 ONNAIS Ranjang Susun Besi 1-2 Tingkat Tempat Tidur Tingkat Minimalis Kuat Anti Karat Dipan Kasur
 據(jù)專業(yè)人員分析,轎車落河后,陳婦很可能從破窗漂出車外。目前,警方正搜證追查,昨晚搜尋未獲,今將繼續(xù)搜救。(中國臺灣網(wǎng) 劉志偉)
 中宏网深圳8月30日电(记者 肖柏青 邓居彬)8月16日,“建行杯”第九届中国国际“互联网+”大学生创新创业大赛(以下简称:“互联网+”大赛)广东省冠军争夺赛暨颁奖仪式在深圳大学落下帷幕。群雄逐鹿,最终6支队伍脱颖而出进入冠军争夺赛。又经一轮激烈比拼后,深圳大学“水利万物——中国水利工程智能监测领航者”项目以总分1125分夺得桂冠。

#####

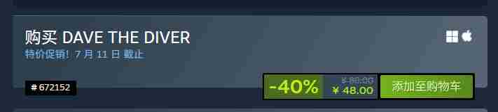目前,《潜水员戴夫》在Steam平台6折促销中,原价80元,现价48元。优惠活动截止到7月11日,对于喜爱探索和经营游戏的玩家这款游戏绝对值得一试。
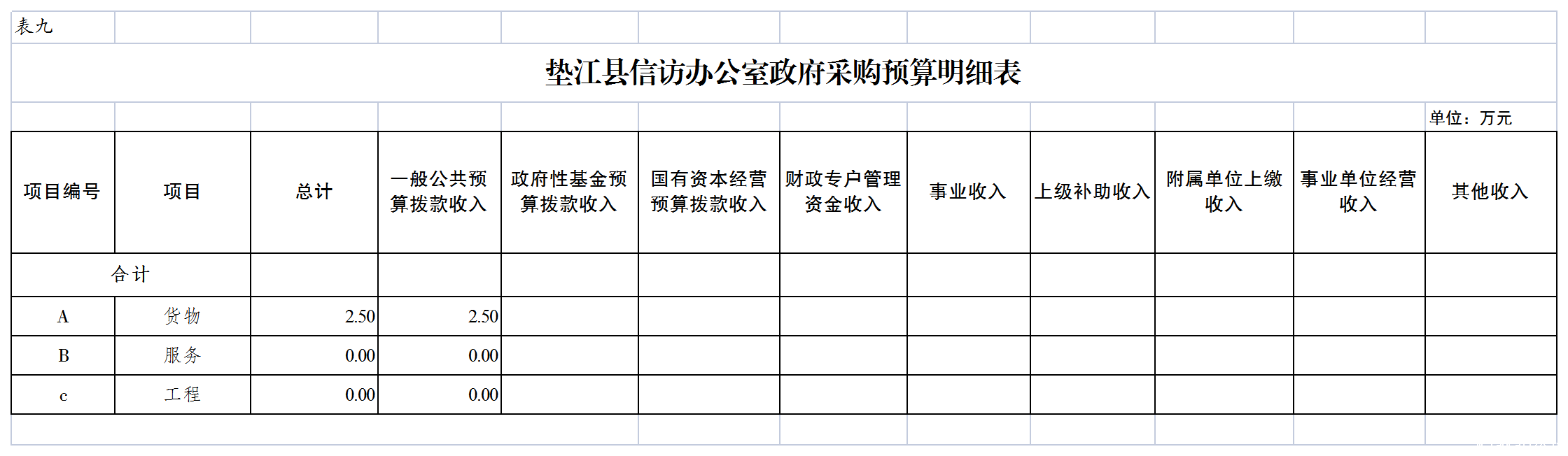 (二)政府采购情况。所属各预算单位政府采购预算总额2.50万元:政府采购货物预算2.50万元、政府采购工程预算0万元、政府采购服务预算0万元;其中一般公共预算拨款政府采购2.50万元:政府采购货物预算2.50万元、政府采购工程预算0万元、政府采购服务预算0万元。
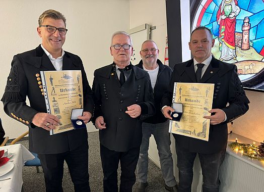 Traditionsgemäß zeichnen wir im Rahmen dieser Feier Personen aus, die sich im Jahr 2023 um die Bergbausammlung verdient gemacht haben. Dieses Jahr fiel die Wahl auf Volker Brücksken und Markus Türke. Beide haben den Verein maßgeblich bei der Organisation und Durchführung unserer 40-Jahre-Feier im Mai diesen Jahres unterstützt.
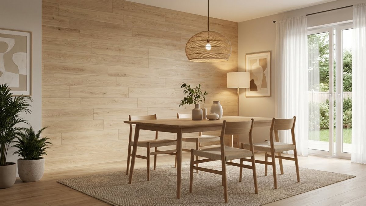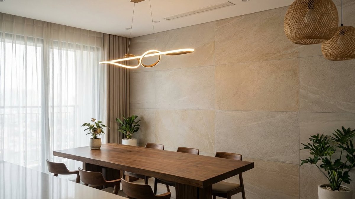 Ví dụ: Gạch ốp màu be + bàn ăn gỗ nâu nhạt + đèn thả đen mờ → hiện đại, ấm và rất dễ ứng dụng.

#####

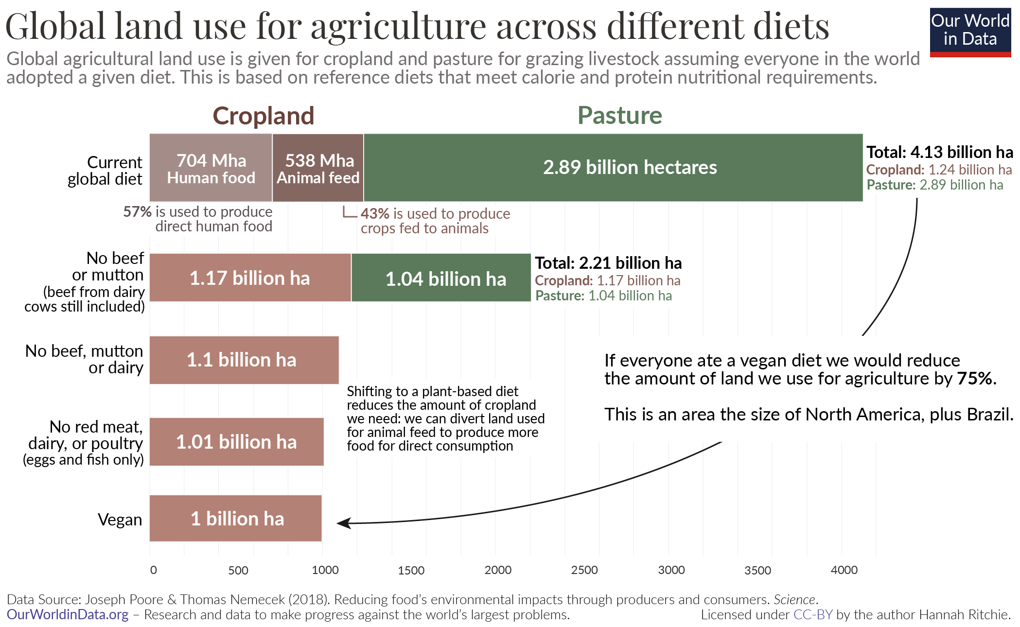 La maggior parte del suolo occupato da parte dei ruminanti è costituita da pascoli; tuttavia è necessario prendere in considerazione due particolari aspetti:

#####

## Action item
Within the material above, find the part that opens with the line containing "(二)政府采购情况。所属各预" and closes with the line containing "Ví dụ: Gạch", and reproduce it exactly without the pictures.

## Response to this exercise
 (二)政府采购情况。所属各预算单位政府采购预算总额2.50万元:政府采购货物预算2.50万元、政府采购工程预算0万元、政府采购服务预算0万元;其中一般公共预算拨款政府采购2.50万元:政府采购货物预算2.50万元、政府采购工程预算0万元、政府采购服务预算0万元。
 Traditionsgemäß zeichnen wir im Rahmen dieser Feier Personen aus, die sich im Jahr 2023 um die Bergbausammlung verdient gemacht haben. Dieses Jahr fiel die Wahl auf Volker Brücksken und Markus Türke. Beide haben den Verein maßgeblich bei der Organisation und Durchführung unserer 40-Jahre-Feier im Mai diesen Jahres unterstützt.
 Ví dụ: Gạch ốp màu be + bàn ăn gỗ nâu nhạt + đèn thả đen mờ → hiện đại, ấm và rất dễ ứng dụng.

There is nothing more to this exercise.